On February 18, the United Nations had the largest fund-raising in its history, garnering $1.44 billion for emergency aid to Haiti in 2010. However, there has been a lot of criticism regarding the failure of coordination of such a humanitarian aid among the UN agencies and NGO recipients of these funds. Huge humanitarian needs remain unmet in spite of the billions of aid being earmarked for Haiti’s rehabilitation.
There is a grave need to revise the approach currently being used in the distribution of aid in the devastated country. Such basic coordination benchmarks such as lists of requirements in respective areas, strategies by which to accomplish the tasks in the lists, and analyses of deficiencies are not being checked, thereby hampering the timely arrival of aid to victims.
Haiti will command a steep cost in its reconstruction.
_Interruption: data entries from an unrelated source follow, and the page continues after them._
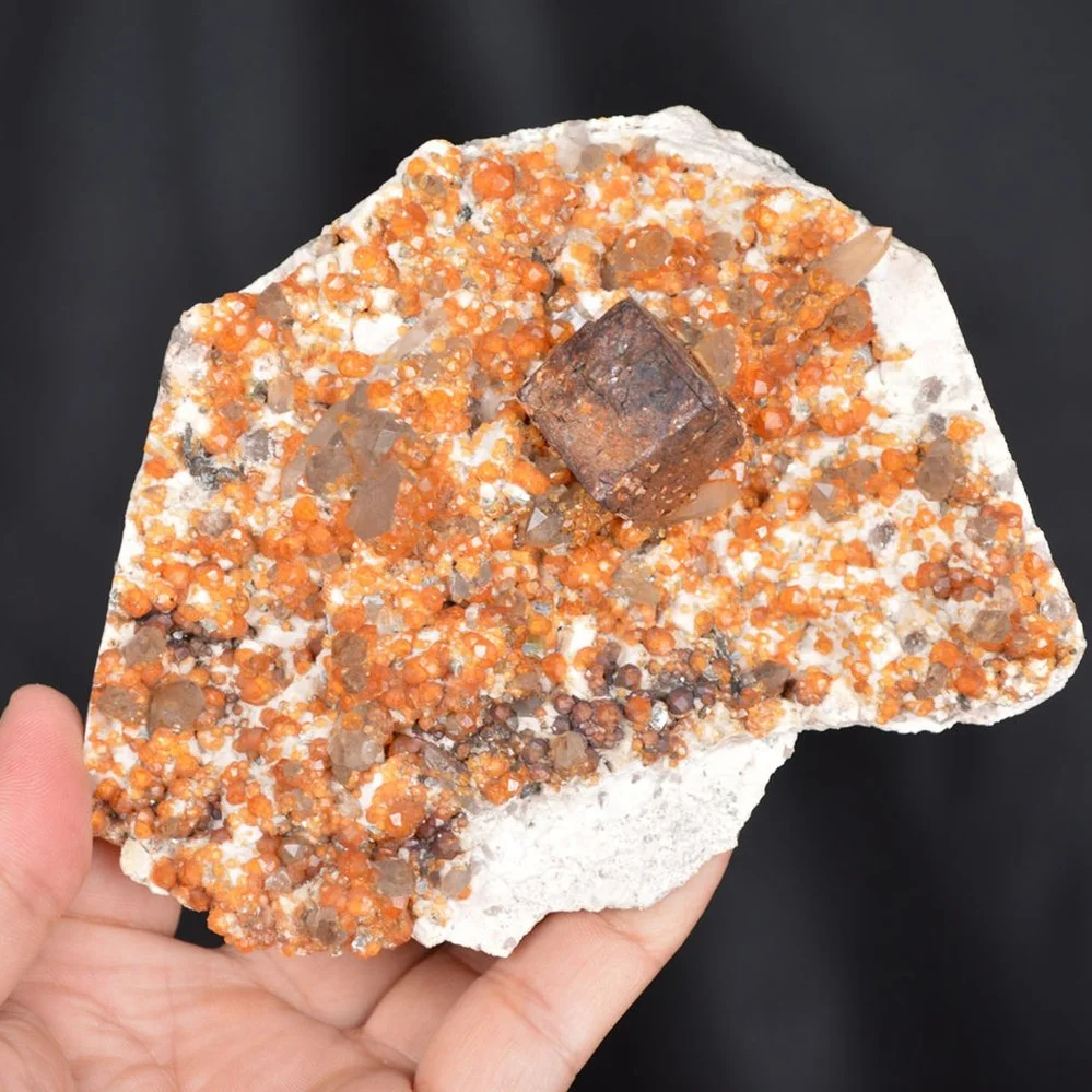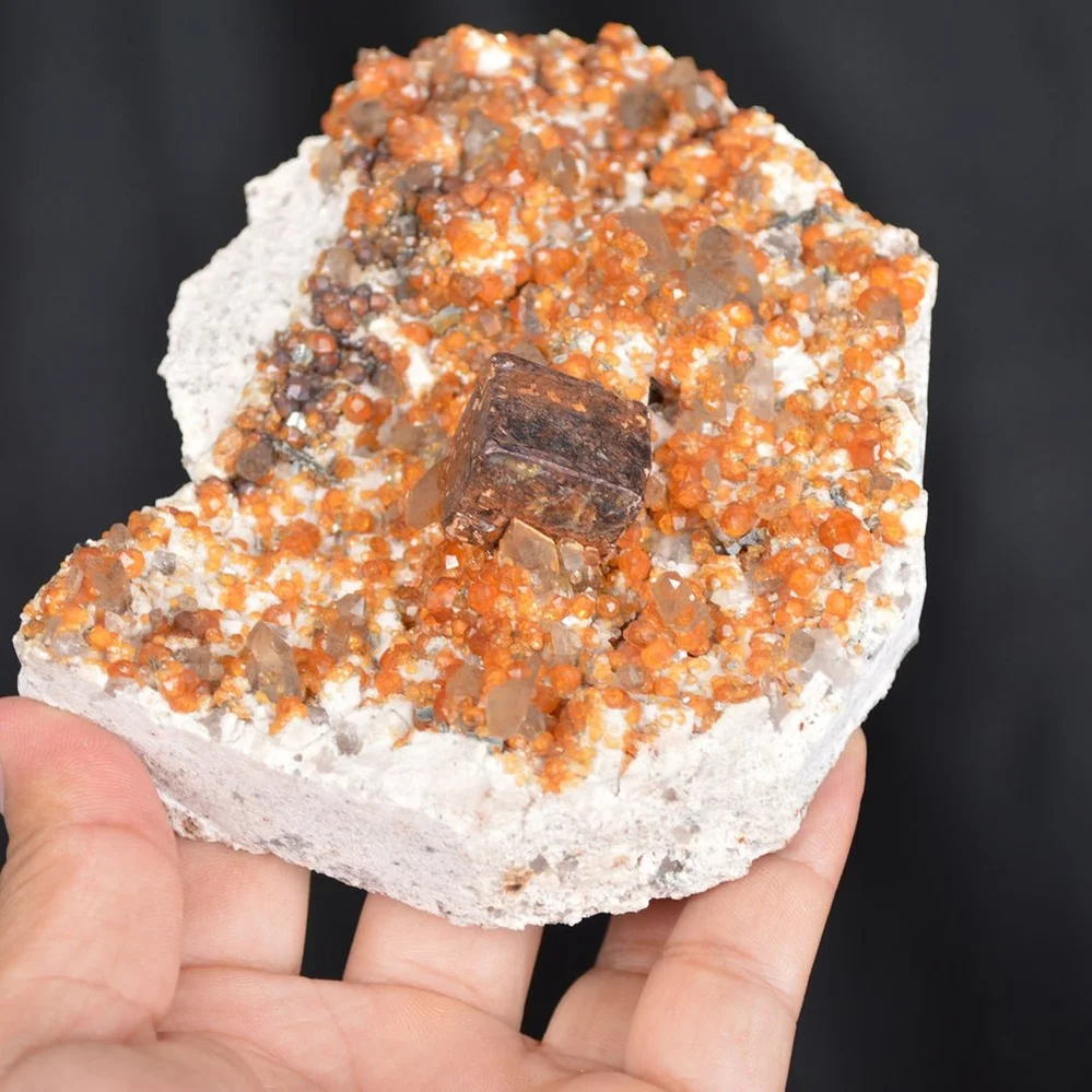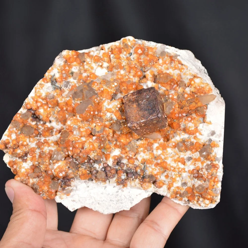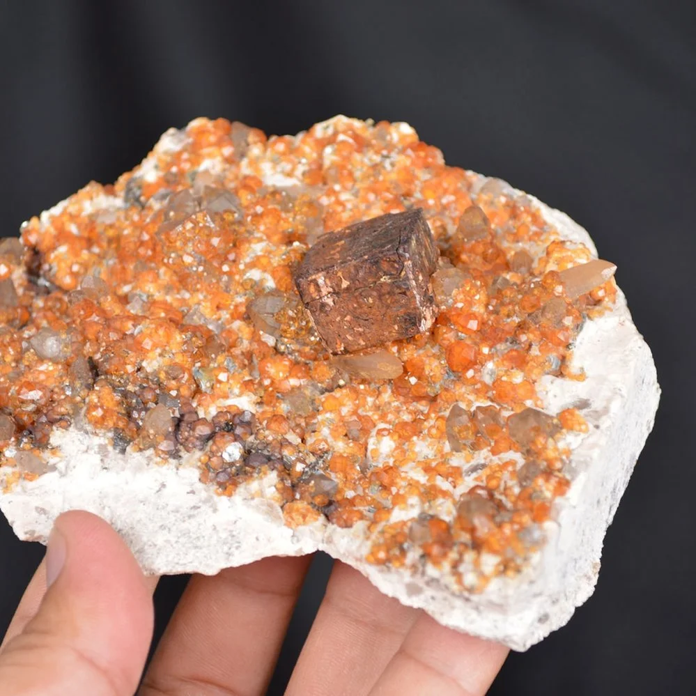 - Contains Mineral: Spessartine,Quartz,Pyrite,Feldspar,hematite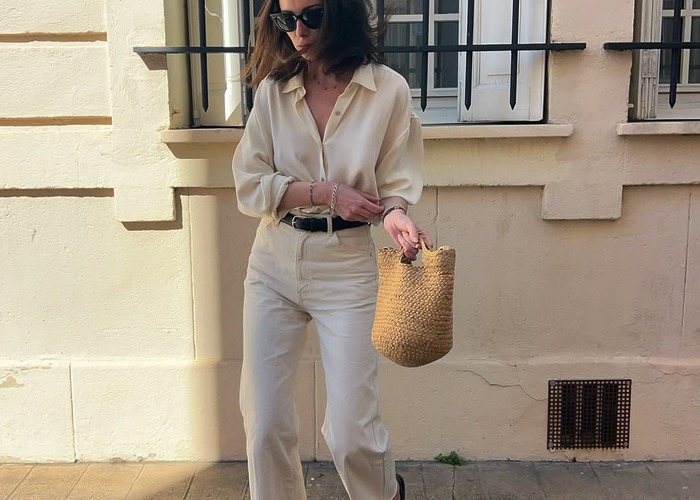 레이스 혹은 아일렛 펀칭 등 소재가 얇은 화이트 롱 원피스를 가지고 있다면 배우 윤승아처럼 힙한 레이어드 룩을 즐겨보시길. 패턴이 화려한 톱을 이너로 매치 한 후, 날렵한 블랙 앵클 슈즈를 매치해 로맨틱하면서도 어딘지 터프한 화이트 원피스 룩을 완성했다.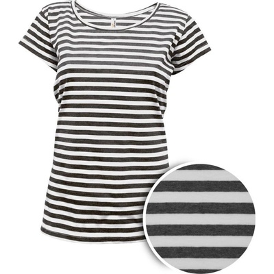 Černobílé melírované pruhované dámské tričko s krátkým rukávem, které je doplněné bílým průkrčníkem. Materiál: 60 % bavlna a 40 % polyester, silikonová úprava, příjemné na...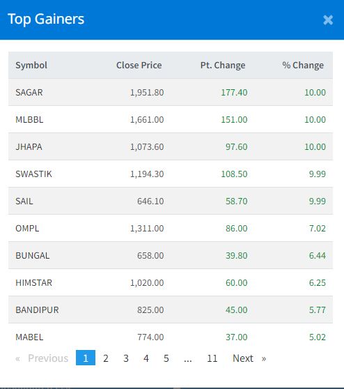 बुधबार ३३२ कम्पनीको १ करोड ८ लाख ७३ हजार ३७२ कित्ता सेयर किनबेच हुँदा ५ अर्ब २३ करोड ५६ लाख ९९ हजार रुपैयाँको कारोबार भएको छ । यस दिन ५ कम्पनीकाे सेयरमूल्यमा सकारात्मक सर्किट लागेकाे छ । यस दिन सागर डिष्टिलरी, मिथिला लघुवित्त वित्तीय संस्था, झापा इनर्जी, स्वस्तिक लघुवित्त वित्तीय संस्था र श्रीनगर एग्रीटेक इन्डष्ट्रीजको सेयरमूल्यमा सकारात्मक सर्किट लागेकाे हाे ।

Global financial institutions such as the World Bank and the Inter-American Development Bank (IDB) peg the reconstruction cost, though only from partial and yet to be official estimates, at $14 billion. It could even be higher, as a thorough damage assessment has not been completed. Some say that this is just an estimated cost whose projection is based on the cost of past largest natural disasters. Reconstruction may be a lot more expensive. Another point of contention is the dilemma as to who will be in charge of these reconstruction funds.
By and large, one million people apparently remain homeless in Haiti. After the devastating earthquake, the country is now being ravaged by failure of humanitarian relief. Bill Quigley in AlterNet writes that amidst all these aid coordination problems being experienced in Haiti, ‘the U.S. ambassador brags it’s going really well’ and ‘that people will be able to look back on in the future as a model for how we’ve been able to sort ourselves out as donors on the ground and responding to an earthquake.’